The risk of Behçet's disease is increased in family members of individuals with the disorder, according to a study published in Rheumatology.

“Previous studies have indicated that Behçet’s disease has a genetic component,” researchers explained in the study introduction, “however population-level familial risk estimates are unavailable.”

To study family incidence of Behçet’s disease in first-degree relatives, researchers used the Korean National Health Insurance database, which covers the full population. Investigators constructed a cohort of more than 21 million people from 12 million families and looked for family occurrences of Behçet’s disease between 2002 and 2017.

Some 53,687 people in the total study population had affected first-degree relatives. Among them, 284 developed Behçet's disease, according to the study.
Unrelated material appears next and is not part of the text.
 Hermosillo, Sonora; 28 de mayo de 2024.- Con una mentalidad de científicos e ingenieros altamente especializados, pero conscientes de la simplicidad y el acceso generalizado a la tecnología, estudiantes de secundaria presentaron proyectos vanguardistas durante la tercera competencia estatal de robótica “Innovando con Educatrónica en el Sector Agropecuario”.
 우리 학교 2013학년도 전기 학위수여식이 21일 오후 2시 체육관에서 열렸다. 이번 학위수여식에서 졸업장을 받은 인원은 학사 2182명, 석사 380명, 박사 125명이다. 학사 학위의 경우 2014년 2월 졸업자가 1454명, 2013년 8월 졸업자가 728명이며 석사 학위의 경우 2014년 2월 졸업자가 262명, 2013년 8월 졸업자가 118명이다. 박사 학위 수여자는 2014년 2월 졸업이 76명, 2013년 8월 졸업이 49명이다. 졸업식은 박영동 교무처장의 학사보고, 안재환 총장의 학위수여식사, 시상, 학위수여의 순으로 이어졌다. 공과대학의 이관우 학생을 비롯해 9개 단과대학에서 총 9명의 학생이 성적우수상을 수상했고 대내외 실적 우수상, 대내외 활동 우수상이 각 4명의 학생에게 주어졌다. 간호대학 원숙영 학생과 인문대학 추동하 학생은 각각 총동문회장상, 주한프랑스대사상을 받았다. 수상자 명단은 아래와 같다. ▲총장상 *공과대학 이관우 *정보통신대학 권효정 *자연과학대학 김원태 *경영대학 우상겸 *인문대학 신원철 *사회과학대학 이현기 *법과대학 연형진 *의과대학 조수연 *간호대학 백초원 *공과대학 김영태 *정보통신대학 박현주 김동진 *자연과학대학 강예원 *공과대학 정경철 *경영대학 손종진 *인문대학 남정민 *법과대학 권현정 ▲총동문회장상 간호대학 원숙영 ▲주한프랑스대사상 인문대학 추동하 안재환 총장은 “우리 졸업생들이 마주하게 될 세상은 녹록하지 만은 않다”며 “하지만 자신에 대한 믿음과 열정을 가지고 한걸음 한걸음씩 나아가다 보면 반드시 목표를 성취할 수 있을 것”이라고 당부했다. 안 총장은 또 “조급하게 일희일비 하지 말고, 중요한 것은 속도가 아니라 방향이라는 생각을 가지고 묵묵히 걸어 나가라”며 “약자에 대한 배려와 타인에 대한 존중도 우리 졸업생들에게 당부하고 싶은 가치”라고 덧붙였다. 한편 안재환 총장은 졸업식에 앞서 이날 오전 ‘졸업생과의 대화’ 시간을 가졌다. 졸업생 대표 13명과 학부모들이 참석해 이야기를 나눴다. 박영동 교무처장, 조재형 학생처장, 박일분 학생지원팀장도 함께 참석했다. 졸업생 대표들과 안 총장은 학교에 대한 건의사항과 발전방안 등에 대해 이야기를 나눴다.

Familial risk for Behçet’s disease was increased 13.1-fold in individuals with an affected father, 13.9-fold with affected mother, and 15.2-fold with an affected sibling, the study found. The highest risk, at 165-fold, was for individuals with an affected twin.
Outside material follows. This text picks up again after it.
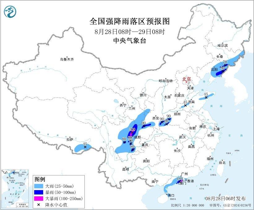预计,8月28日08时至29日08时,吉林东部、辽宁中东部、西藏东南部、甘肃东部和南部、陕西中南部、山东中北部、河南西部、湖北西北部、川西高原、四川盆地西部和南部、云南东北部、广东中西部等地部分地区有大到暴雨,其中,四川盆地西部、广东西南部沿海等地局地有大暴雨(100~200毫米)。上述部分地区伴有短时强降水(最大小时降雨量20~50毫米,局地可超过70毫米),局地有雷暴大风等强对流天气。

“Familial risks were higher within generation (sibling–sibling) vs between generations (parent–offspring),” researchers wrote. “This implicates complex interactions between genetic factors and shared childhood environmental exposures in the pathogenesis of Behçet’s disease.”

—Jolynn Tumolo

Reference

Ahn HS, Kim HJ, Kazmi SZ, et al. Familial risk of Behçet's disease among first-degree relatives: a population-based aggregation study in Korea. Rheumatology. 2021;60(6):2697-2705.